What to do:
Starting at the line below with "UTeM tersenarai dalam" and stopping at the line with "张家口市足球超级联赛(下简称", please print each line exactly, those two included, and skip every picture.

Supplied entries:
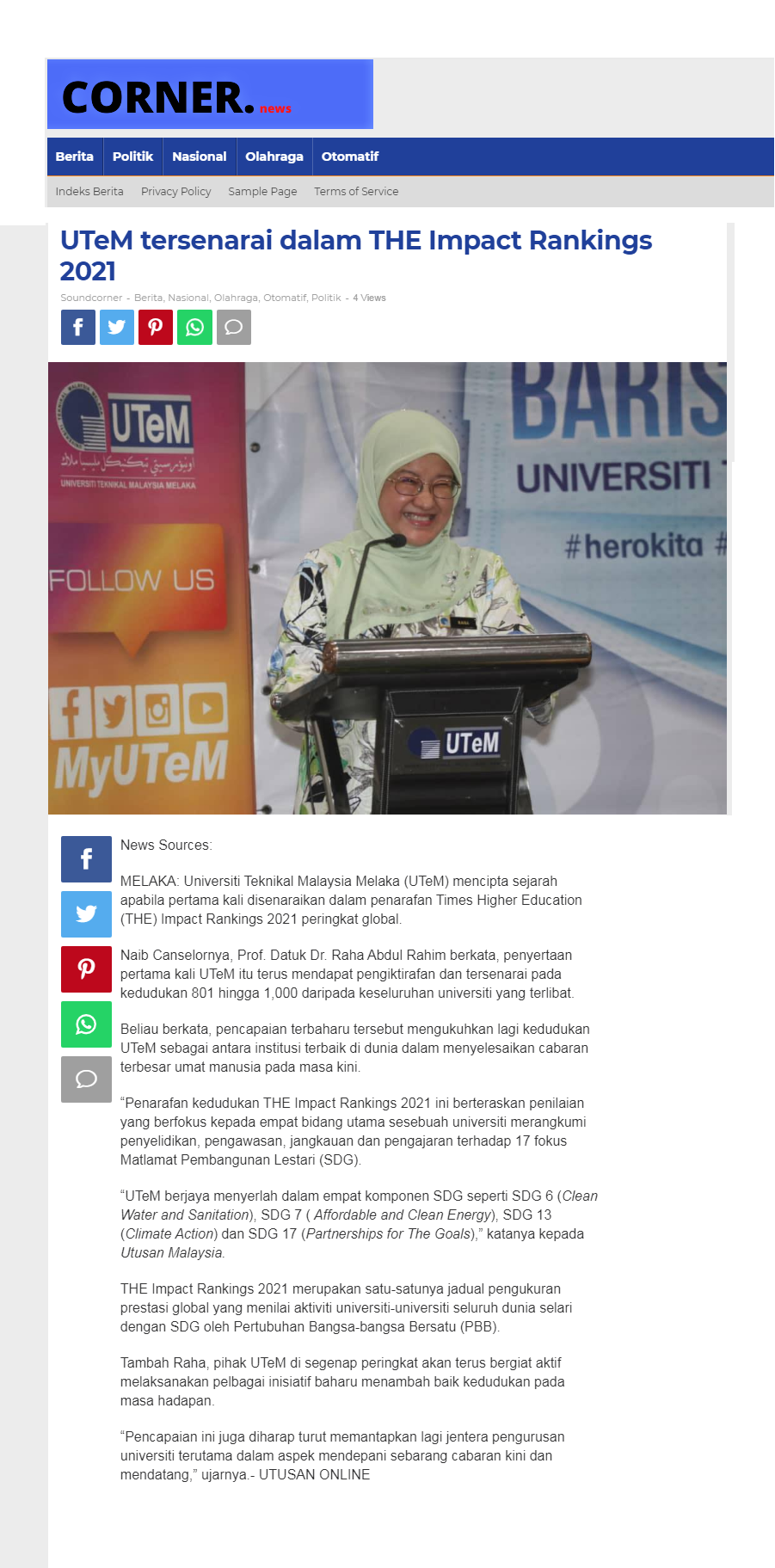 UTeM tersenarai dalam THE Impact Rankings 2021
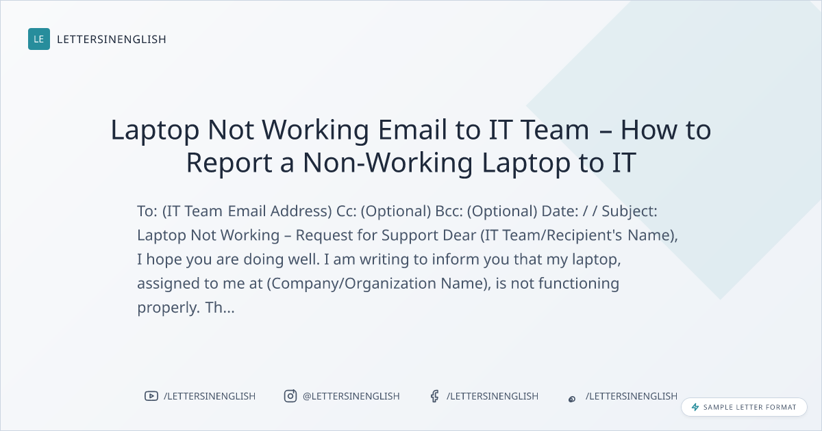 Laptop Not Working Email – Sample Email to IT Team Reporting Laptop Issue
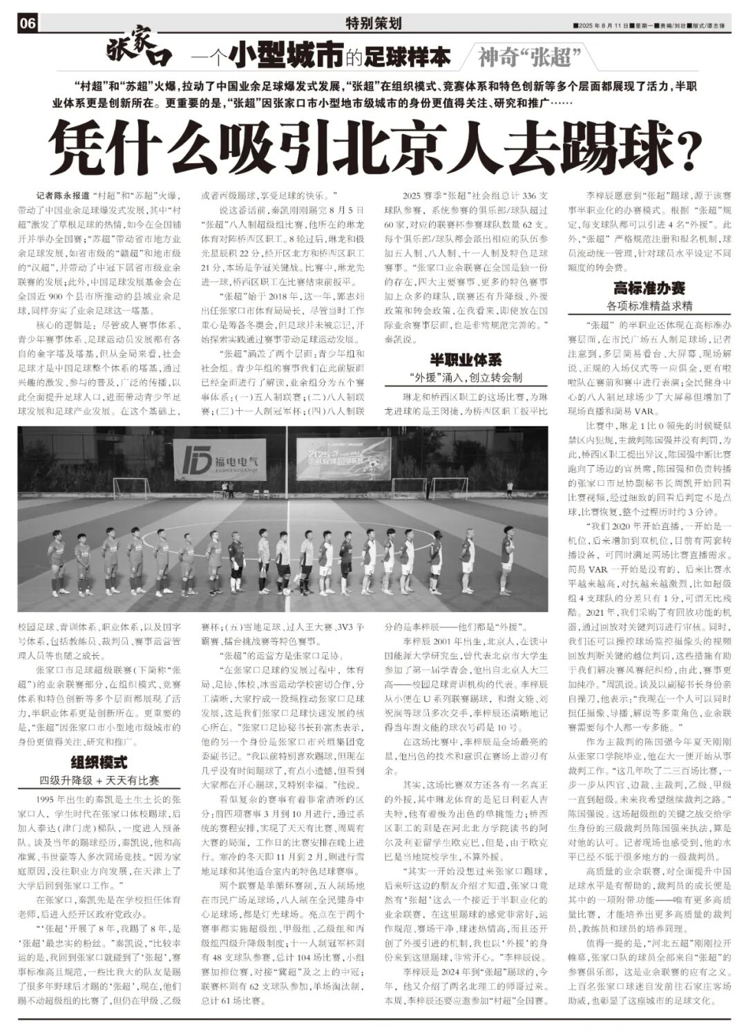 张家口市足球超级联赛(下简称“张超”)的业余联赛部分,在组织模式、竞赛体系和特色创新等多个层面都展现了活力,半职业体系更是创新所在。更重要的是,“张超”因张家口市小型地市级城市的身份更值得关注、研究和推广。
...
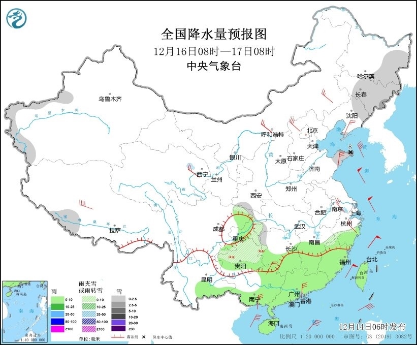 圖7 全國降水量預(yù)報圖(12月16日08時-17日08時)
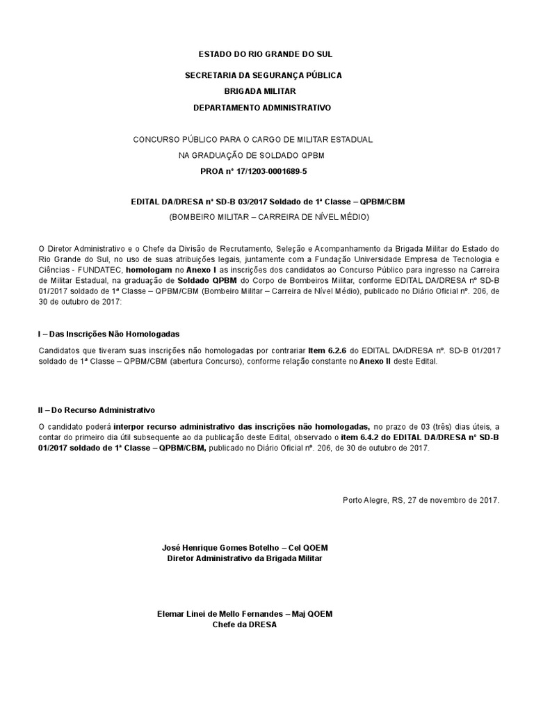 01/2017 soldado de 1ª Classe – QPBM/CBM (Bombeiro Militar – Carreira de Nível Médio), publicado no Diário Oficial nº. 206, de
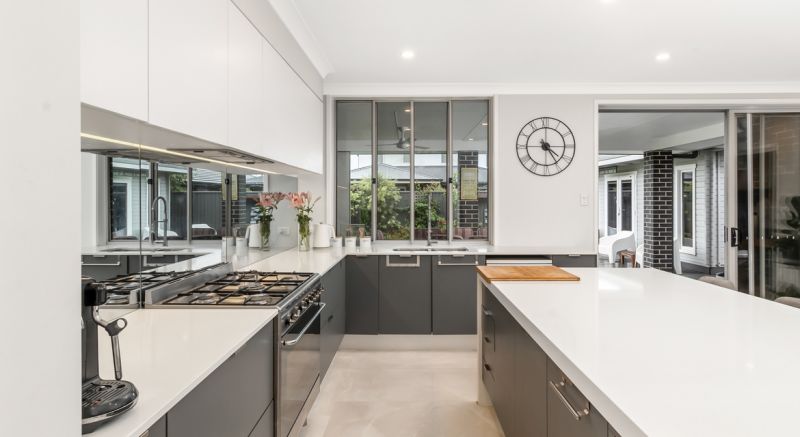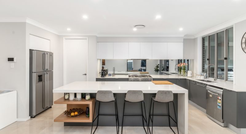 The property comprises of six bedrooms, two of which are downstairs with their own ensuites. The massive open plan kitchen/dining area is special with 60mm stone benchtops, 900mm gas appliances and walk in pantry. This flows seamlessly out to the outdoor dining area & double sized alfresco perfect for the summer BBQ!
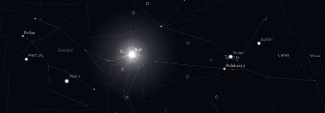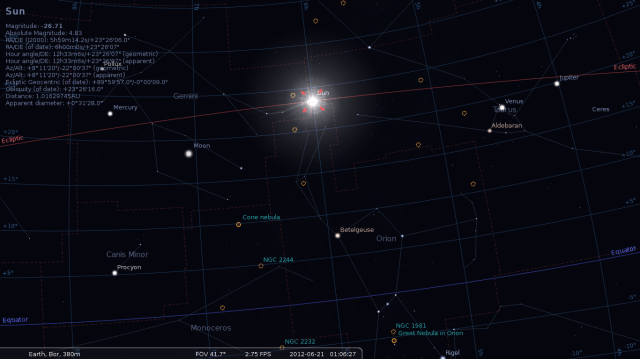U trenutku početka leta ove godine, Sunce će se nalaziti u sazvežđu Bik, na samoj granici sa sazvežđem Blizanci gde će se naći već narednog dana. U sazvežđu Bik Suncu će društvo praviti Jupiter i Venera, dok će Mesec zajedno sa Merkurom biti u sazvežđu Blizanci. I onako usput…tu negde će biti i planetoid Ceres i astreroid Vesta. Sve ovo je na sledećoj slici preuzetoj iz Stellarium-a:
--
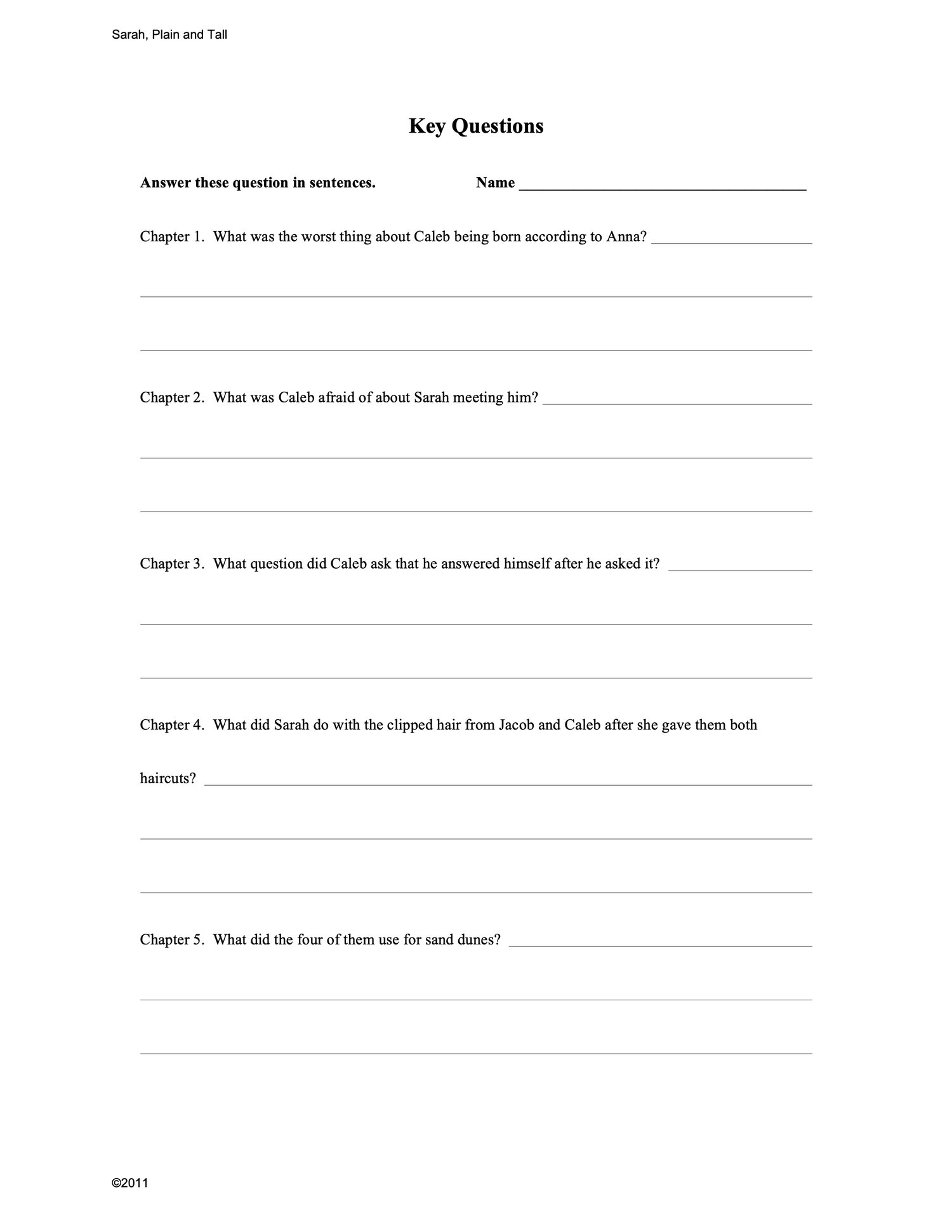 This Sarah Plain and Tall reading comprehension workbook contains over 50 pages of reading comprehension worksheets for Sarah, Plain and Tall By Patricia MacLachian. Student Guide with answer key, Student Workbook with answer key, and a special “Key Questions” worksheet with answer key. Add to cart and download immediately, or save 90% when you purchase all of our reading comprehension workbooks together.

Solution for this task:
 UTeM tersenarai dalam THE Impact Rankings 2021
 Laptop Not Working Email – Sample Email to IT Team Reporting Laptop Issue
 张家口市足球超级联赛(下简称“张超”)的业余联赛部分,在组织模式、竞赛体系和特色创新等多个层面都展现了活力,半职业体系更是创新所在。更重要的是,“张超”因张家口市小型地市级城市的身份更值得关注、研究和推广。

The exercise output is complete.